Zakat Foundation of America-Sponsored University Graduates First Syrian Refugees

GAZIANTEP, Turkey, July 27, 2018 – Zakat Foundation of America’s Zahraa University – exclusively for Turkey’s Syrian refugees – awarded bachelor’s degrees July 27 to its first graduating class, before a packed audience of dignitaries and scholars from across the world, NGO officers, and student loved ones.

“Today, you graduates have come to know – far better than most – the meaning of sacrifice for education and discipline,” said Mustafa Müslïm, university president and rector. “We are so proud of your success and devotion. This is our moment to thank you.”

Zahraa’s 35 recipients, all Syrian refugees, advanced more than their careers when they took hold of their degrees. They validated the university founders’ vision. Host countries build a better future – for victims of violence and their own societies and regions – by committing to educate rather than obstruct children of forced migration.

Hostilities drove an unprecedented 68.5 million people from their homes in 2017, according to the United Nations High Commissioner for Refugees (UNHCR, the UN relief agency). Children 18 and younger compose more than half that number. That makes a positive policy like education a more powerful and cost-effective strategy for altering global society than endless prosecution of depleting, destructive war, or blindly blocking the most practical road to betterment for those displaced by threats of bloodshed and human rights violations.

“We have numerous projects, some accomplished, some ongoing,” said Halil Demir, Zakat Foundation’s executive director and a key visionary behind the university. “Each of them owns a special place in our hearts. But we hold none dearer than our orphan and youth education programs for the displaced and victimized.”

The idea of countering the human toll of Syria’s life-shattering civil war, not just by helping its displaced subsist in a vacuum but by guiding them onto new thriving life-paths, began almost as soon as Syria’s earthshaking refugee waves started plunging across the border into Turkey, Lebanon and Jordan in June 2011.

“After war broke out in May 2011, we found ourselves running nonstop between [southern Turkish border provinces and districts] Mardin, Kiziltepe, and Hatay. Everywhere, we saw an incredible number of children, many begging along the roadside," Demir said. “Right then it hit me. We must enable them. We immediately contacted Gaziantep’s governorate. They had open hearts. Then and there, we laid plans for our education projects, including Zahraa University. We didn’t want to leave anyone out.”

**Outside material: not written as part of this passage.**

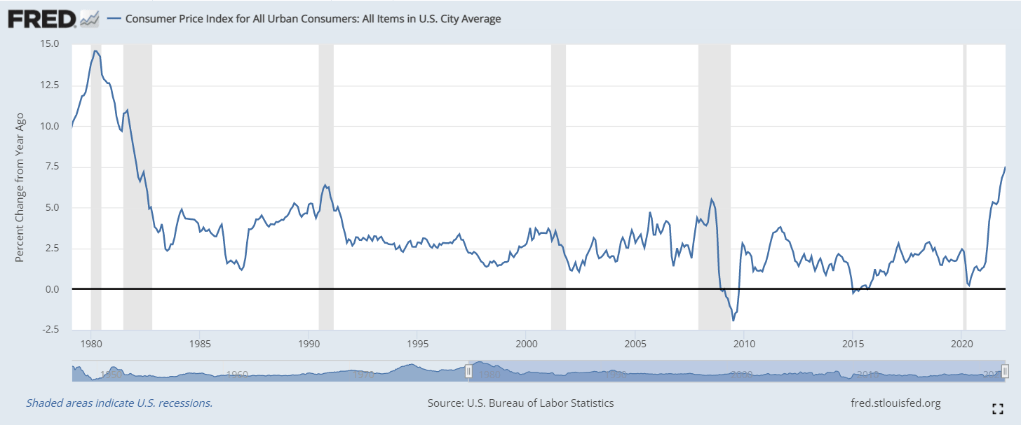 - Consumer Price Index jumps to 7.5%, core rises to 6%.
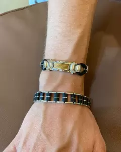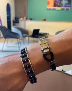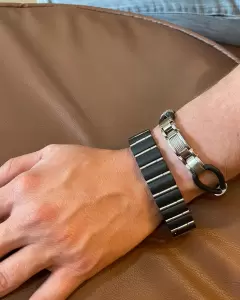 Pulseras en excelentes condiciones, de cuero con acero inoxidable, grandes, unisex perfectas para regalo o match.

Gaziantep’s leadership still hasn’t flagged. They opened their Metropolitan Municipality Onat Kutlar Theatrical Building for Zahraa’s first graduation ceremony. Everyone turned out.

Müslïm, the university president, and Associate Professor and Vice President Bekir Mehmet Ali welcomed a long list of scholars and dignitaries, notably: Professors Asmavi bin Zaim and Abdurrahim Halil from Malaysia’s International Al-Madinah University; Drs. Muhammed Mustafa Osman of Al-Tadamun University, Niger, and Ferhan Meyga, Niger’s high education minister. In addition, Gaziantep’s Mufti Muhammed Güneş and Branch President of Bir-Sen Education Union Ahmet Gök also attended.

“We give first priority to education,” said Mehmet Demir, Zakat Foundation representative in Turkey, underscoring the deep commitment the relief institution’s leadership has to education as the only antidote to war and physical transgression. “Today, the many problems we face as Muslim communities directly result from a lack of education and from ignorance.

“Some should stand up to say live and let live. That is everyone’s human right and human obligation. Some should cry out for freedom with the call of justice. But only education makes this possible, provided we gain its wisdom through self-sacrifice and devotion.

“You students have seen this with your own eyes. You are living it. You have come from a country whose towering history has been brought to smoldering ruin. Its day has grown dark, its future pawned.

“But this is not your destiny," Mehmet Demir said. "You have the power to change this situation – made possible only through education and discipline."

“We want to raise a generation that will establish equity and deliver liberty,” said Müslïm, noting this requires blending the essential social ingredients of compassionate vision, courageous local leadership, and a benevolent creation of political space. In this regard, he recognized the contributions of Zakat Foundation, Gaziantep’s municipal authorities, and Turkey’s president.

He cited this uncommon cooperation in Turkey, an unspoken comparison with other countries suddenly inundated with forced migrants, as facilitating the university’s international academic accreditation, vital to its graduates’ careers in academia and society.

He also recognized this social and cultural balance as underpinning Zahraa’s recent expansion, adding faculties of Arabic Literature and Theology, and its new Institute of Islamic Research, to its existing colleges of Engineering, Education, and Economics. English and Turkish comprise the university’s two main language disciplines, which equip students for livelihoods in their current residence and the larger global context.